With so much weather getting in the way of actually teaching, I figured I’d throw a little teaching on you from one of my favorite pastor/scholars, Martyn Lloyd-Jones. This sermon is printed in a great little book called “Setting Our Affections Upon Glory”, a compilation of sermons on the Gospel and the church, by Dr. Lloyd-Jones. I’d suggest looking it up. You can get a pdf version to pop up on your computer if you google it.
Here is an excerpt for you from a sermon my Dr. Martyn Lloyd-Jones called “The Acid Test”. The sermon is an exposition of 2 Corinthians 4:17-18 as the measure of what makes a Christian. Dr. Lloyd-Jones gives three options as acid tests and then shows how the option comes up short in displaying true Christianity. Those three options he gives are orthodoxy, moral behavior and experience. Dr. Lloyd-Jones then begins to deal with Paul’s words to the Corinthians in his second correspondence, chapter 4 and verses 17-18.
Read the passage I’ve typed up for you below and the excerpt from the sermon I have provided for you. I have italicized and underlined some key thoughts at the end. Those highlights of the text belong to me and not Dr. Lloyd-Jones.
Since many of us are “home bound” due to weather, perhaps some spiritual stimulation may prove to be a soul-satisfying endeavor.
May the Lord’s grace and peace be abundant to you regardless of circumstance. He has taught us to say, “it is well with my soul.”
For this light momentary affliction is preparing for us an eternal weight of glory beyond all comparison, as we look not to the things that are seen but to the things that are unseen. For the things that are seen are transient, but the things that are unseen are eternal. (2 Corinthians 4:17-18, ESV)
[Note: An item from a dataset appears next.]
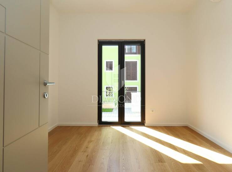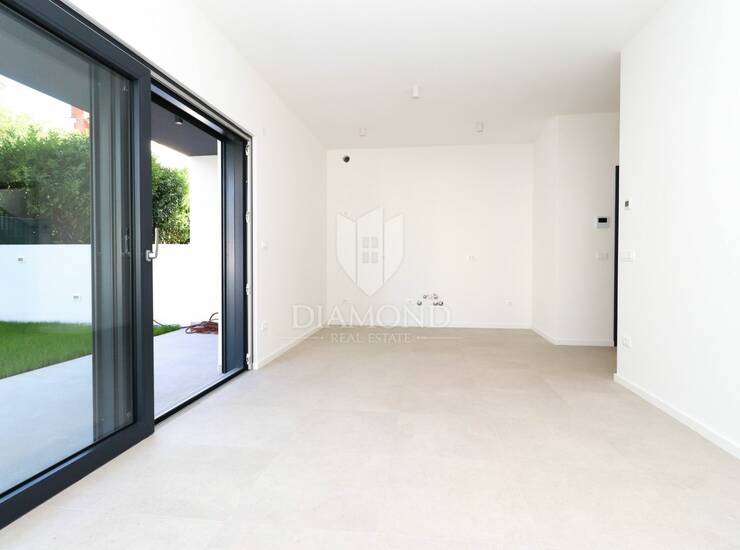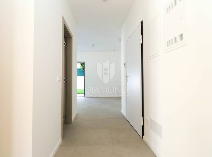 Stan se sastoji od dvije spavaće sobe, svaka s izlazom na vlastitu terasu i dvorište, ostave, kuhinje i prostranog dnevnog boravka koji vodi na veliku natkrivenu terasu idealnu za ljetna druženja. Na terasi je predviđena ljetna kuhinja, a dodatni luksuz ovog stana je privatno dvorište površine 150 m² s bazenom, okruženo zelenilom koje osigurava potpunu privatnost i mir. Stan se prodaje ključ u ruke, s dva vlastita parkirna mjesta ispred zgrade.

“Now this, to me, is most important because, unless I am very greatly mistaken, large numbers of people in the Christian church today are confusing Stoicism with Christianity. We certainly saw a great deal of Stoicism in England, and in London, during World War II. For that rea- son I was constantly preaching on this theme. We had a slogan: “London can take it.” Let the Germans come and bomb us, London can take it. But I want to show you that Stoicism is the exact opposite of Christianity, that it has nothing to do with it. Why is that? Because there is this great difference: the philosophy of Stoicism is the philosophy of resignation. It is the philosophy of putting up with it, taking it, simply standing and refusing to give in. Stoicism is negative, whereas the very essence of Christianity is that it is positive. Christians are not people who are just bearing with things and putting up with them. They are triumphing. They are exulting. They are “more than conquerors” (Rom. 8:37).
Let me make this point plain and clear by quoting to you two pieces of poetry, one of them an expression of the philosophy of Stoicism, the other an expression of the true Christian position. Look at Stoicism first. Here are a few lines from the English poet John Dryden, who I think has given the perfect expression to the philosophy of Stoicism. This is how he puts it:
Since every man who lives is born to die,
And none can boast sincere felicity,
With equal mind, what happens, let us bear,
Nor joy nor grieve too much for things beyond our care. Like pilgrims to th’ appointed place we tend; The world’s an inn, and death the journey’s end.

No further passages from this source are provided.